Environmental Defense Fund (EDF), New York, NY and Washington, DC
National Commission on Energy Policy (NCEP)/Bipartisan Policy Council, Washington, DC
AFL-CIO Working for America Institute (WAI), Washington, DC
High Road Strategies, jointly with the Millennium Institute, has produced two new studies on the economic impacts of H.R. 2454, the American Clean Energy and Security Act of 2009 (ACES) on energy-intensive trade-exposed industries (EITE). H.R. 2454 was sponsored by U.S. Representatives Henry Waxman (D-CA) and Edward Markey (D-MA), and passed by the U.S. House of Representatives on June 26, 2009. The studies, examined the impacts of ACES on selected EITE manufacturing industries at the 5 to 6-digit NAICS levels—iron and steel and ferroalloy products, primary aluminum and secondary smelting of aluminum, paper and paperboard mills, alkalies and chlorine, and petrochemicals. This work updates the earlier study by the HRS-MI team that constructed and employed the Integrated Industry-Climate Change Model (II-CPM) to analyze the impacts of the Lieberman-Warner Climate Security Act of 2007 (S. 2191) on these same industries (see Climate Policy and Energy-Intensive Manufacturing: Impacts and Optionsproject).

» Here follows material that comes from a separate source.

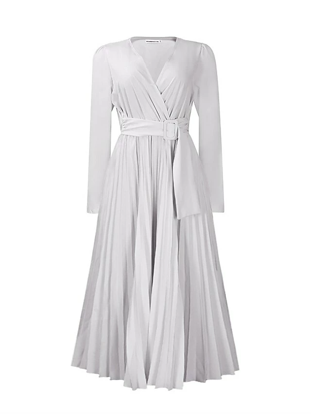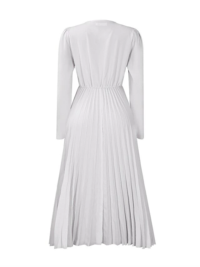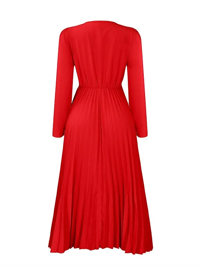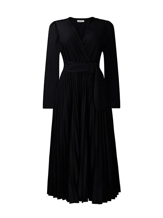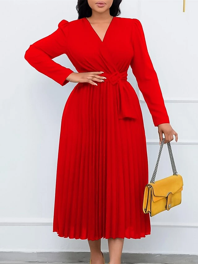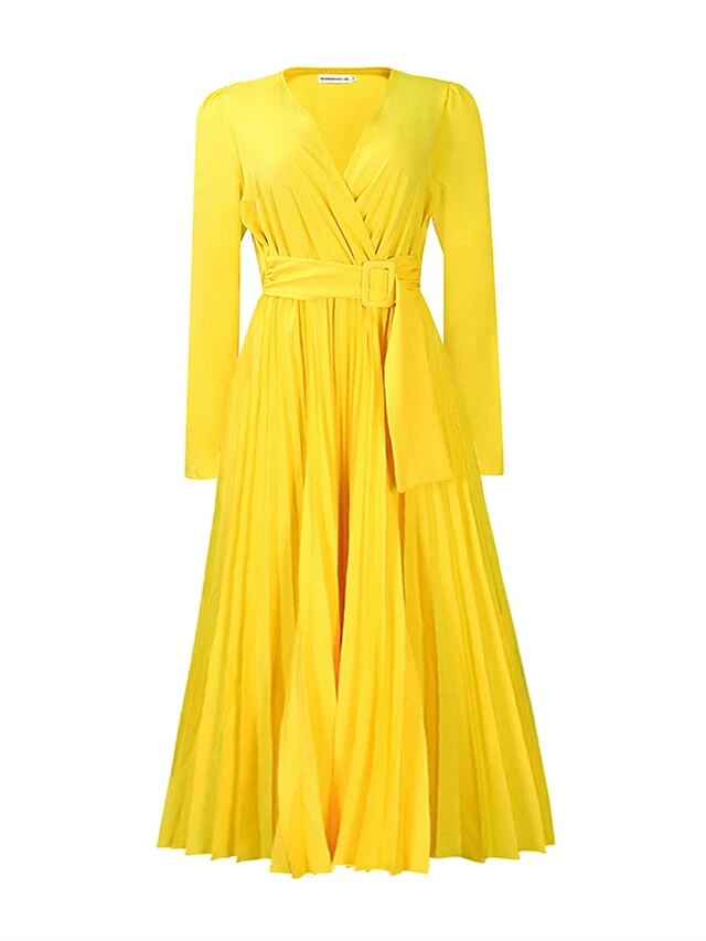 Women’s Work Dress Sheath Dress Swing Dress Fashion Winter Dress Office Daily Midi Dress Lace Up Pleated V Neck Long Sleeve Plain Regular Fit Black Yellow Pink Fall Winter S M L XL XXL

The first study evaluated (i) the potential impacts of greenhouse gas emissions (GHG) allowance costs that the industries would incur under the core provisions of the ACES legislation, and (ii) the effectiveness of the output-based allowance rebate measure in ACES to mitigate these impacts. The II-CPM models employed in the earlier study were modified to directly calculate both the allowance costs that might be incurred by each industry, and the offsetting allowance rebates that they would receive. A report
summarizing the results of this work was released by the Environmental Defense Fund, which funded this part of the project, in February 2010.
Climate Change and Energy-Intensive Manufacturing:
The Competitiveness Impacts of the American Clean Energy and Security Act of 200
Full report (pdf)
In the second study, the HRS-MI team built on this work, modeling alternative policy scenarios identified in a Department of Energy’s Energy Information Administration’s evaluation of H.R. 2454. These were based on different assumptions regarding alternative electricity generation costs and the availability of international offsets, as specified in the bill. It also evaluated various options, based on the border adjustment mechanism (International Reserve Allowance Program) stipulated in the legislation. The border adjustment mechanism would require that foreign producers from countries with no comparable climate mitigation policies be subject to tariffs reflecting the GHG emissions-intensity of their U.S. imported goods.
A report summarizing the findings of the second study was released in September 2010.
Climate Change and Energy-Intensive Manufacturing: Alternative Policies and Effectiveness of Cost Mitigation Provisions in the American Clean Energy and Security Act of 2009
Full Report (pdf)
The study confirmed that regardless of the policy case or industrial sector, output-based rebates would effectively mitigate the costs of carbon-pricing for EITE industries through 2020-2022. But as the rebates start phasing out after 2020, if non-carbon electric power alternatives (nuclear power, carbon capture and storage, biomass) are much more expensive, or if international offsets were not readily available—which may be more realistic assumptions than those in the base case policy scenario—the economic impacts on EITE industries would be greater, especially after 2025. That is, the predicted economic impacts in the base policy case analyses could underestimate the impacts that EITE industries would experience if the ACES were actually enacted.
The study’s findings, however, were mixed concerning the effectiveness of the border adjustment (BA) measure in reducing cost impacts after 2020, largely because of uncertainties about how the measure would be designed and applied. Because countries that have complied with carbon reduction agreements account for the overwhelming largest share of U.S. imports, the BA measure would not be especially effective in offsetting the rising allowance costs of U.S. EITE manufacturers after the rebates start to fade.
After its release, EDF met with several Senate offices to share the first report. High Road Strategies also has given presentations to a wide range of groups, reporting on the results of the both new reports as well as the earlier NCEP-sponsored study. This includes presentations at an international climate policy and trade conference in New Delhi, India and the Federal Economic Development Forum of the International Economic Development Council, in Washington, DC, and to economists and policy experts at the Department of Commerce’s Office of Competition and Economic Analysis, the U.S. Environmental Protection Agency, and the World Resources Institute, among others.